4.12 Demand Side Management Demand Side Management (DSM) programmes refer to actions taken on the customer's side of the meter to change the amount or timing of energy consumption. Demand Response (DR) is a subset of Demand Side Management. It usually refers to a set of activities to reduce or shift electricity use to improve electric grid reliability, manage electricity costs, and ensure that customers receive signals that encourage load reduction during times when the electricity grid is near its capacity. The two main drivers for widespread demand responsiveness programmes are the prevention of future electricity crises and the reduction of electricity prices. Additional goals for price responsiveness include equity through cost of service pricing, and customer control of electricity usage and bills. Emergency Load Response programs are interventions aimed at avoiding shortfalls in energy supply. Usually, the Transmission System Operator (TSO) offers a remuneration to particular categories of consumers amenable to planned and unplanned interruptions to their energy supply in order to prevent critical situations in network operations. Such consumers are generally industrial and large commercial operators, whose supply is interrupted when resources supplied by the TSO on the dispatching services market are insufficient to maintain the safe operation of the system. Demand Side Bidding (DSB) is a mechanism that enables consumers, either directly or through a broker, to participate in the electricity market or in the operation of the system through offers that cause changes in their normal consumption profile. This mechanism enables consumers to actively participate in the market and enables final consumers to have price signals that, by reflecting of actual costs, would result in a higher efficiency of the energy system. I successfully implemented, this mechanism should lead to lower utilisation of inefficient power plants during demand peaks or lower utilisation of plants consuming fossil fuels for system regulation. The most commonly used forms of demand participation in the electricity market, are: •

Offers in organised markets or pools: active demand participation leads to a more efficient functioning of markets, as resulting prices derives directly from interaction between supply and demand side forces. It is important to notice that the positions of consumers will generally be of purchasers of energy in the markets, even though a consumer who purchased energy through a bilateral contract before the organised market session, could also act in that market as a seller, to balance its position. If a consumer obtains economic advantages by selling energy instead of consuming it when prices are higher, some other customers will also benefit from this, since prices won’t rise as much as they will without demand reduction.
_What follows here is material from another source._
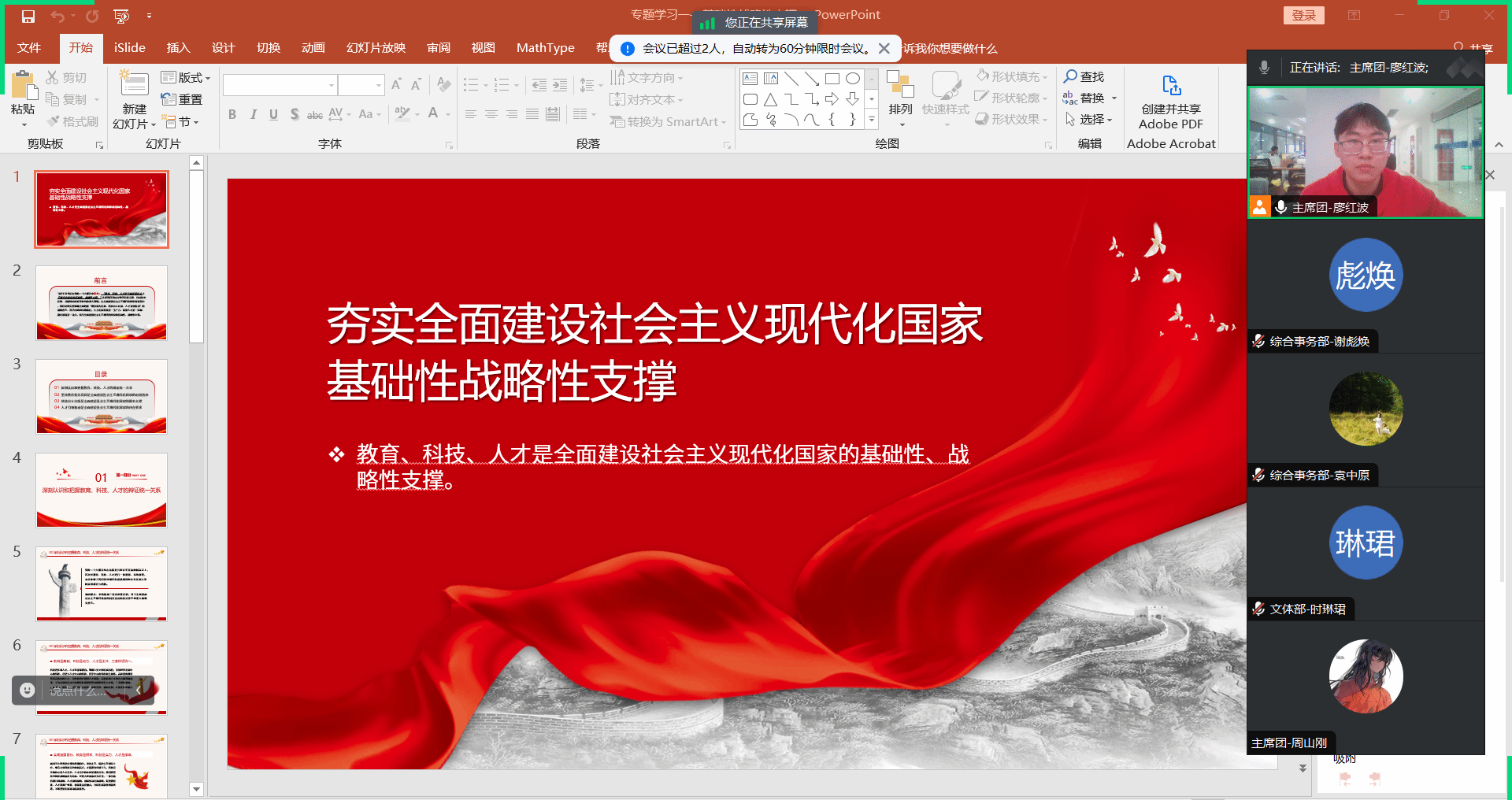 为深刻领悟教育、科技、人才是全面建设社会主义现代化国家的基础性、战略性支撑这一重要意义,2023年3月11日,伟德体育研究生会开展“夯实全面建设社会主义现代化国家基础性战略性支撑”主题学习活动, 伟德体育研究生会全体成员参加了此次活动,活动由廖红波主讲。

In addition, economic benefits are obtained as a consequence of the mitigation of the potential market power of generators.

•

Supply of specific additional services: similarly to generators, certain consumers provide additional services like congestion management, tertiary reserve, tension control, management of problems linked to shortages and disruptions. These services include interruption mechanisms, adopted directly by large consumers or by traders, which act as aggregators of domestic and industrial consumers demand.